Hanwha Q Cells has sold 33MWdc of solar farms in Panama that the company says were developed without “federal, state, local or corporate incentives”.
The utility-scale projects comprise one portfolio of three PV plants across 81 hectares of idle grazing land in the provinces of Los Santos, Cocle and Hererra. They have been sold to affiliates of Entropy Investment Management, a privately held energy investment and management company headquartered in North Carolina, USA.
Entropy will fund equity while the projects are being constructed. Hanwha began funding the construction earlier this year, following a two-year development period. Hanwha partnered with companies including local developer Renventure and engineering, procurement and construction (EPC) partner SEMI. Meanwhile, Hanwha said it had also worked on developing the plant with the Panamanian environment authority, the transmission company EDEMET and the country’s public service agency ASEP. The plants utilise Hanwha Solar HSL polycrystalline PV modules.

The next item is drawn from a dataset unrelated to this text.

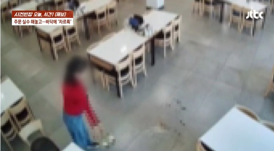 JTBC '사건반장' 갈무리식당에서 한 중년 손님이 주문 실수를 이유로 환불을 요구하며 음식을 바닥에 쏟으며 소란을 피웠다는 제보가 전해졌다.5…

The managing director of Entropy, Tyler Fauerbach, said that the acquisition would make Entropy the “largest operator” of solar power in Panama.
“These assets will have a significant impact in providing Panama with inexpensive, reliable power and reducePanama's reliance on volatile oil and hydro generation,” Fauerbach said.
Panama only saw its first major PV installation begin construction in 2012 but along with much of the wider Latin American region has seen deployment increase significantly since then. According to the Q2 2015 Latin American PV Playbook from GTM Research, the country ranked third for deployment of PV by megawatts in the second quarter.